State Innovations in Child Welfare Financing. Maintaining Accountability and Effectiveness


Are things getting better for children and families?

In child welfare, there appears to be an awareness that fiscal considerations should not be allowed to outweigh objectives of improved well-being of children and families; i.e., a more important goal than controlling costs is improving services for children and families. In fact, spending increased under several of the initiatives. Although data systems are rarely adequate for allowing state and local agencies to monitor results, establish performance standards, and link performance to financial incentives (see previous subsection), many states are taking steps toward establishing accountability for performance and results. However, not much is known definitively about the effects of the initiatives.

Some states have mechanisms in place to monitor their initiatives. Wisconsin, for example, tracks its initiative in Milwaukee County through extensive state monitoring and fiscal reviews that include analyses of permanency plans to ensure goals are being met. As previously noted, it will be important to maintain the focus on child and family well-being as fiscal reforms continue to try to improve efficiency and system performance.

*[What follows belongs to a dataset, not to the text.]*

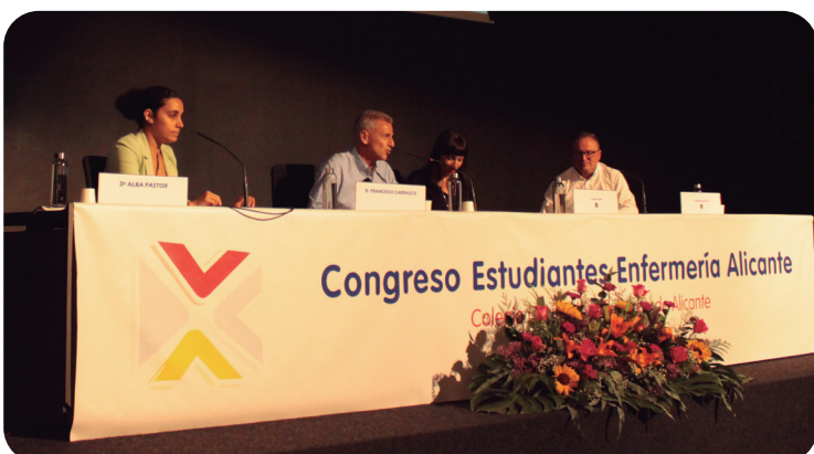
Imagen de la mesa sobre estudiantes y servicios de salud
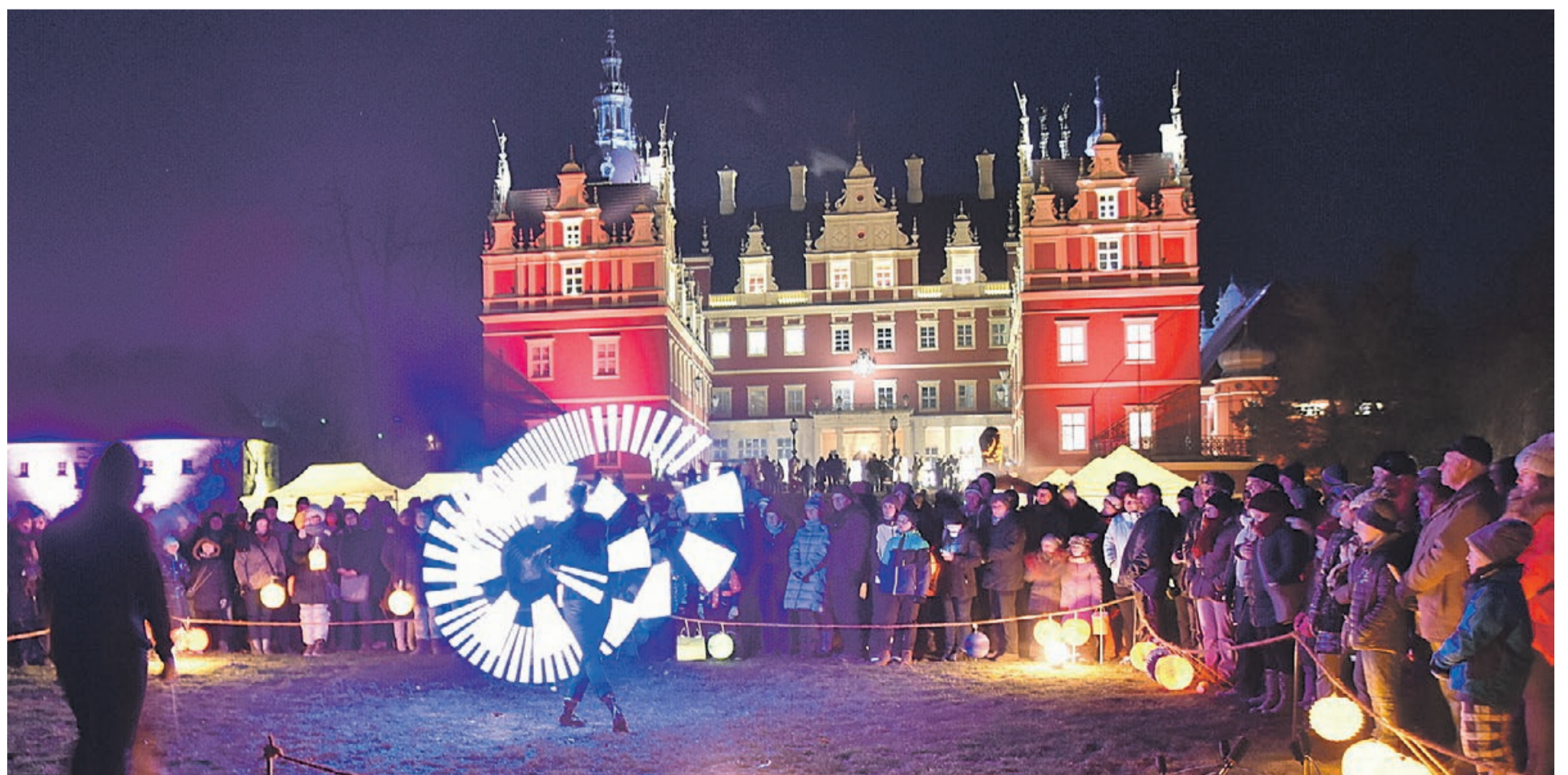
Pomimo mrozu impreza przyciągnęła kilkuset uczestników

Most of the initiatives track at least some measures covering established child welfare outcomes (i.e., safety, permanency, and well-being). The way those outcomes are measured depends on the specific initiative’s objectives and target population. For example, Georgia’s Project MATCH’s standards are that 40 percent of the children will improve their functioning and be discharged to a less restrictive placement setting, and a 20-percent reduction will occur in the frequency with which children harm others. A few states have established systems for linking financial rewards and penalties to outcomes. In New York, for example, the Safe and Timely Adoptions and Reunifications (STAR) program provides flexible dollars that agencies can allocate to a broad array of services to achieve timely permanency for children in placement. Agencies can obtain flexible dollars if they are able to show improvements in the length of stay for children in their care; improvement is defined as an increased discharge rate into permanent homes without a corresponding increase in re-entries and transfers to other agencies.

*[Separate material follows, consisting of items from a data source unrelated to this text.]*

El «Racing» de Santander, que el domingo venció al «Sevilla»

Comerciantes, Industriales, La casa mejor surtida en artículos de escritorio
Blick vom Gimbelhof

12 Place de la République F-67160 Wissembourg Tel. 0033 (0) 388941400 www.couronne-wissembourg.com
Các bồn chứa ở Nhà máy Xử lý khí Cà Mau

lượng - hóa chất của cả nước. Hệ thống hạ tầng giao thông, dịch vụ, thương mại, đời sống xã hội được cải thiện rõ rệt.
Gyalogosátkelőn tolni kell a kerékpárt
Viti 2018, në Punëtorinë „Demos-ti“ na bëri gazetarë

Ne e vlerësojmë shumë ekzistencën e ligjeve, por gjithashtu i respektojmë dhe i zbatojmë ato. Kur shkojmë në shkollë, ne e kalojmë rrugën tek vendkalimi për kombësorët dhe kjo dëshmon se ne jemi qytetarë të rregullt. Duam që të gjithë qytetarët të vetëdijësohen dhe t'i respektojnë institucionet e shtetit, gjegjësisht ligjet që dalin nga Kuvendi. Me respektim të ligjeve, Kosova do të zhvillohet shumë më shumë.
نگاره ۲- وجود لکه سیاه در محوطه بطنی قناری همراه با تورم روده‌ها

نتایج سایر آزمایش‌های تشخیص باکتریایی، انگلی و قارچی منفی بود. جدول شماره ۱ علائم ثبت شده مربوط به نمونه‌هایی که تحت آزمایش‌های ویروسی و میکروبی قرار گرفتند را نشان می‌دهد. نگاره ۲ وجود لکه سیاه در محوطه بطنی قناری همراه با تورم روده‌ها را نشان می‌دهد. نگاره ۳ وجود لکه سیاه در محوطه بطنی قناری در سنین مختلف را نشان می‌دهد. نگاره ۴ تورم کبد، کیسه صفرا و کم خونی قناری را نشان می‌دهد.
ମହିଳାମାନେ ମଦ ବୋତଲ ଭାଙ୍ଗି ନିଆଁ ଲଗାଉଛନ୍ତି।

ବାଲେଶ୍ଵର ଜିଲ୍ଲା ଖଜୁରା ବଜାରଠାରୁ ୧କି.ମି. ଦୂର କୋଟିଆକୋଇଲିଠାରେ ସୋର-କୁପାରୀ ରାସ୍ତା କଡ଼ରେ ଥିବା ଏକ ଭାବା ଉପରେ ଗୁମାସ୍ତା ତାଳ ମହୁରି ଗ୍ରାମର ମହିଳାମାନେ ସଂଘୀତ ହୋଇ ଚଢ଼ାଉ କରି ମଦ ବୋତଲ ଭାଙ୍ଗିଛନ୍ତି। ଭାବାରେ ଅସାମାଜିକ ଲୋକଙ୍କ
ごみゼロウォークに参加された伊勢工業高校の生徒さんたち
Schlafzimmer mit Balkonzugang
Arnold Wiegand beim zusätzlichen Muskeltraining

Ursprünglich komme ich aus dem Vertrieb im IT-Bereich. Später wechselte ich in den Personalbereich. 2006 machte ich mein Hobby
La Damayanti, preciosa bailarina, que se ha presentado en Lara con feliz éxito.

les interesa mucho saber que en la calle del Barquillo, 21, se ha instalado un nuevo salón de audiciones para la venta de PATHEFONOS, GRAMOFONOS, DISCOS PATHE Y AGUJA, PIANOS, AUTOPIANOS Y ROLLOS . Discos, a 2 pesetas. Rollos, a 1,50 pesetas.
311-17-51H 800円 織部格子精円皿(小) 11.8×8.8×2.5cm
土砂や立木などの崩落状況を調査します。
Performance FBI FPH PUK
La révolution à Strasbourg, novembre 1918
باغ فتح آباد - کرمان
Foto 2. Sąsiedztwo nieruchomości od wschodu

Although positive outcome changes have been documented in several of the states with fiscal reform initiatives, it usually is unknown whether the changes can be attributed to the fiscal reforms because the initiatives have not been rigorously evaluated. Illinois experienced a dramatic reduction in caseload, from over 51,000 to less than 30,000 in 3 years, after implementing the Foster Care Performance Contracting initiative. Milwaukee County, Wisconsin, has begun to see shorter placements for new families and some cost savings. However, these trends have not yet been documented or analyzed by an evaluation, and isolating the impact of each initiative is difficult, especially in places where multiple initiatives are operating.

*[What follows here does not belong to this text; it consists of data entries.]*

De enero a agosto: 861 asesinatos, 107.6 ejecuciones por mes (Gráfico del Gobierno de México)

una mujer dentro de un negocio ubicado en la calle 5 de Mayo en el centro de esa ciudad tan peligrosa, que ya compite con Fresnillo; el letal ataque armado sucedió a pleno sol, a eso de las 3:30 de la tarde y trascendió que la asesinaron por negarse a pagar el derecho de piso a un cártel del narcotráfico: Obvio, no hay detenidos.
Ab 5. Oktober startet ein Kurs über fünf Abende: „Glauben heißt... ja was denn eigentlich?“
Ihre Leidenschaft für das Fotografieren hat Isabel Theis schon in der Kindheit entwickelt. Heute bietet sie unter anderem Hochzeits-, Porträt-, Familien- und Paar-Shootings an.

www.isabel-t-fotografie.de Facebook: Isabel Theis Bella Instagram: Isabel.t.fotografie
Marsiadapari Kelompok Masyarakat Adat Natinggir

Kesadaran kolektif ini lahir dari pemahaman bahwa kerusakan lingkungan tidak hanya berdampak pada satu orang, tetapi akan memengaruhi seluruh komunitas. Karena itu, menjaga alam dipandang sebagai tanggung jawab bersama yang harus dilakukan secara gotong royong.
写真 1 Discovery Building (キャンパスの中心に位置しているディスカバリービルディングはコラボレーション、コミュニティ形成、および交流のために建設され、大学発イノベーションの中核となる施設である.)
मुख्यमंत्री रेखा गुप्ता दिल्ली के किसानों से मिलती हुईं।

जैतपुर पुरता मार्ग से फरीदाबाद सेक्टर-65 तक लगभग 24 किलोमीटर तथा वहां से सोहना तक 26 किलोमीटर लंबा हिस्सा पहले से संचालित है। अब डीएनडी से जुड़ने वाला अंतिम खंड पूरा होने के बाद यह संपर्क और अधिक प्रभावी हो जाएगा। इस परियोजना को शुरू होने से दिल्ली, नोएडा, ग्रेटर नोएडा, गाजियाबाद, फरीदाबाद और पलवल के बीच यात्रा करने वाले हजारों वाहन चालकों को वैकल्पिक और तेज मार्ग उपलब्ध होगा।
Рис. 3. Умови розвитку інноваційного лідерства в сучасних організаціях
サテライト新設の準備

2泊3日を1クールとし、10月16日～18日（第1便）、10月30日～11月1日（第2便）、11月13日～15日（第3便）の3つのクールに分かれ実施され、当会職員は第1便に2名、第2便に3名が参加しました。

Where initiatives have been evaluated, findings are mixed regarding outcomes. These initiatives include:

  • Arizona’s Family Builders Program, where an evaluation showed that the initiative did not increase children’s safety in their homes overall, although families who accepted services experienced a slight but statistically significant decrease in the risk for child abuse and neglect (Arizona Office of the Auditor General, 2000);
  • Colorado’s Boulder County initiative, where evaluation findings show that managed care has not yet had a discernable effect on outcomes for children and families (Mercer, 2000);
  • Florida’s Community-Based Care initiative, where early evaluation findings show that initiative counties did at least as well as the comparison counties on the outcome indicators and they spent fewer dollars on direct child welfare services (Paulson et al., 2002); and
  • Kansas’s privatization initiative, where the evaluation has found that most of the state’s performance standards have been achieved by the contractors, with the notable exceptions of (1) rates of re-entry into care within 12 months of reunification, and (2) permanent placement within 6 months of referral, where performance has been consistently below standards (James Bell Associates, 2001).

Several other initiatives have evaluations currently under way, and more will be known about the effects of fiscal reforms when those evaluations are concluded. Fully ensuring accountability for outcomes and attributing outcomes to fiscal reforms requires rigorous evaluation. However, performance assessment (carefully defining and consistently tracking specific outcomes and performance indicators) or performance contracting (tying performance on outcomes to financial rewards and penalties) can serve as an interim step on the way to evaluation or as a way to monitor overall trends in outcomes. Fundamentally, it is essential to stress that fiscal considerations, and attention to proximate system performance indicators, not be allowed to overshadow objectives of improved well-being of children and families. Quality-control mechanisms that ensure continual attention to those objectives must be enforced.